Now we just have to bind an object to one of these ten geodesics shown schematically above.
The strong equivalence principle stems from the observations by Galileo et al. that objects of different weights and configurations fall at the same rate (if one can eliminate air drag and so on). Any object may bind to an available geodesic, whether it's a feather, a bowling-ball, a beam of light, or a moon. One has to do work to move an object off a geodesic [1].
That light binds to geodesics and geodesics are determined by proximity to mass was tested by Eddington et al. during the 1919 solar eclipse, where they observed something similar to the |>O diagram above. Gravitational lensing works the same way.
As we increase the mass of O, the closer geodesics are more and more bent towards O. So for a lighter star: |)o
Black holes are much more massive (and yet more compact) than O, so there are geodesics more bent towards the black hole (because of the mass) and and more geodesics closer to the black hole's centre of mass. The closer geodesics can be bent around the black hole, possibly several times.

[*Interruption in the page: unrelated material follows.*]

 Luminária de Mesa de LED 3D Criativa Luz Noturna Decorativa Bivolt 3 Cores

Additionally there are "no return" geodesics that twist into circular orbits around the black hole. There is an innermost stable circular orbit (ISCO) too.

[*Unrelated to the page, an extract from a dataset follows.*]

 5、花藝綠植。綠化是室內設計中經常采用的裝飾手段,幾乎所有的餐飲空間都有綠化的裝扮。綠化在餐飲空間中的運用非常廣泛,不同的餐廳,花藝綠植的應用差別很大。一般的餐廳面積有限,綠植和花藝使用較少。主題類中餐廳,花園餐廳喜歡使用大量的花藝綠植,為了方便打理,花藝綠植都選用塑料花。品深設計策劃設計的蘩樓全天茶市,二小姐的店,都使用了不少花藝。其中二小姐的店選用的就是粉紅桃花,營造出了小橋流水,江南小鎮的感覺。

Finally, there are "no return" geodesics that lead past the ISCO and into the region covered by the event horizon. @ | could be a diagram where we replace O in )O | with a black hole.
Light can bind to any of these "no return" geodesics just like any other object like a feather or a bowling ball.
- --
[1] Strictly speaking, our universe is 1+3 Lorentzian with extremely high experimental confidence. One dimension is timelike and the other three spacelike. This lets us sort geodesics into three types: spacelike, timelike, and null (or lightlike). In normal empty space light (and any other massless particle) always moves along a null geodesic, and moving it off a null geodesic is energetically impossible. Likewise, in normal empty space, massive particles always move along timelike geodesics, and while (with a lot of work) you can move them onto timelike geodesics that look more and more lightlike, it's energetically impossible to push it onto a lightlike geodesic.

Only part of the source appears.